Question

Find the real solutions, if any, of each equation. Use the quadratic formula. $$ 3 x(x+2)=1 $$

Short answer

The real solutions are \[ x = -1 + \frac{2\sqrt{3}}{3} \] and \[ x = -1 - \frac{2\sqrt{3}}{3} \].

Step-by-step solution

- Write the equation in standard quadratic form

To use the quadratic formula, first write the given equation in the form of \( ax^2 + bx + c = 0 \). Start by expanding and simplifying the given equation: \[ 3x(x+2) = 1 \] becomes \[ 3x^2 + 6x = 1 \]. Now, move all terms to one side to set the equation to zero: \[ 3x^2 + 6x - 1 = 0 \].

- Identify coefficients

With the equation in standard form \( 3x^2 + 6x - 1 = 0 \), identify the coefficients: \(a = 3\), \(b = 6\), and \(c = -1\).

- Apply the quadratic formula

Use the quadratic formula \( x = \frac{-b \pm \sqrt{b^2 - 4ac}}{2a} \) to find the solutions. Substitute the values of the coefficients: \( a = 3 \), \( b = 6 \), and \( c = -1 \) into the formula: \[ x = \frac{-6 \pm \sqrt{6^2 - 4 \cdot 3 \cdot (-1)}}{2 \cdot 3} \].

- Simplify inside the square root

Calculate the discriminant \( b^2 - 4ac \): \( 6^2 - 4 \cdot 3 \cdot (-1) = 36 + 12 = 48 \). So the quadratic formula simplifies to: \[ x = \frac{-6 \pm \sqrt{48}}{6} \].

- Simplify the expression

Since \( \sqrt{48} = \sqrt{16 \cdot 3} = 4\sqrt{3} \), substitute back into the equation: \[ x = \frac{-6 \pm 4\sqrt{3}}{6} = \frac{-6}{6} \pm \frac{4\sqrt{3}}{6} \]. This becomes \[ x = -1 \pm \frac{2\sqrt{3}}{3} \].

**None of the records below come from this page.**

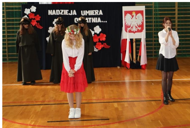
Obchody Święta Niepodległości
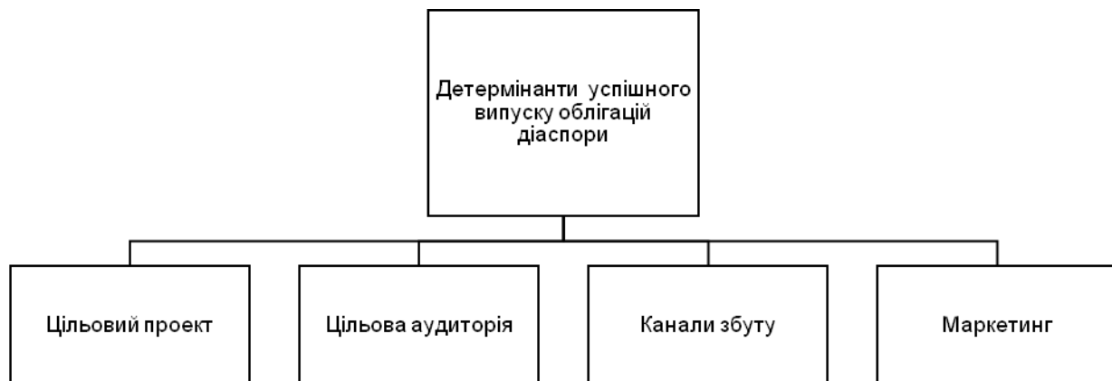
Рис. 1. Детермінанти успішного випуску облігацій діаспори

Уряди Індії та Ізраїлю залучили більше 40 млрд дол США, часто під час криз ліквідності, натиснувши на багатство їхніх громад діаспори для підтримки платіжного балансу і (у разі Ізраїлю) для фінансування проєктів інфраструктури, житла, охорони здоров'я та освіти. Ряд інших країн – у тому числі на Філіппінах, Шрі-Ланці, Кенії, Гані, Непалі та Ефіопії – емітували також облігації для діаспори, але з різним ступенем успіху.
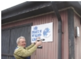
Ombyggnaden kan börja.

I dagsläget vet vi inte vad som skall ske och hur, men en festkommitté är tillsatt och den arbetar nu fram ett invigningsprogram. Närmare detaljer kommer att finnas anslagna på 3 ställen; på klubblokalen (den gamla), på den nya klubbstugan och på vår Websida och sist men inte minst kommer vi att skicka ut en inbjudan.

- Write the final solutions

The real solutions to the equation \( 3x(x + 2) = 1 \) are: \[ x = -1 + \frac{2\sqrt{3}}{3} \] and \[ x = -1 - \frac{2\sqrt{3}}{3} \].

Key concepts

Quadratic Formula

The quadratic formula is a powerful tool to find the roots of a quadratic equation, which is any equation of the form \( ax^2 + bx + c = 0 \). The formula is written as:
\[ x = \frac{-b \pm \sqrt{b^2 - 4ac}}{2a} \].
Here's how you use it:
First, identify the coefficients \(a\), \(b\), and \(c\) from your equation.
These coefficients are the numbers in front of the variables \(x^2\), \(x\), and the constant term, respectively.
Next, plug these values into the quadratic formula.
The terms \(b^2 - 4ac\) inside the square root are very important.
This is called the discriminant, and it tells us about the nature of the roots.
If the discriminant is positive, there are two real and distinct solutions.
If it's zero, there is exactly one real solution.
If the discriminant is negative, the solutions are complex or imaginary.
Let's go through the step-by-step process to better understand.

Discriminant Calculation

The discriminant is a part of the quadratic formula found inside the square root and is given by \( b^2 - 4ac \).
This value tells us if we will get real or complex solutions:

• If \( b^2 - 4ac > 0 \), there are two distinct real solutions.
• If \( b^2 - 4ac = 0 \), there is exactly one real solution.
• If \( b^2 - 4ac < 0 \), there are two complex solutions.

In our example, we calculated the discriminant as: \begin{align*} 6^2 - 4 \times 3 \times -1 &= 36 + 12 \ &= 48 \. So, \(48>0\), which means we have two distinct real solutions.
It is always good to calculate the discriminant first to understand the nature of the roots before plugging values into the quadratic formula.

Simplifying Square Roots

Once we have identified the values of \(a\), \(b\), and \(c\), and calculated the discriminant, we often need to simplify the square root part of the quadratic formula.
For example, in our solution, we ended up with \( \sqrt{48} \).
To simplify this, we find the largest square factor of 48.
We know that 48 can be written as 16 * 3, and since 16 is a perfect square (\( \sqrt{16} = 4 \)), we have:
\( \sqrt{48} = \sqrt{16 \times 3} = 4\sqrt{3} \).
Now, we substitute this back into our formula: \[ x = \frac{-6 \pm 4\sqrt{3}}{6} = -1 \pm \frac{2\sqrt{3}}{3} \].
Always break down your square root into simpler parts to make calculations easy and to express your final answer in the simplest form possible.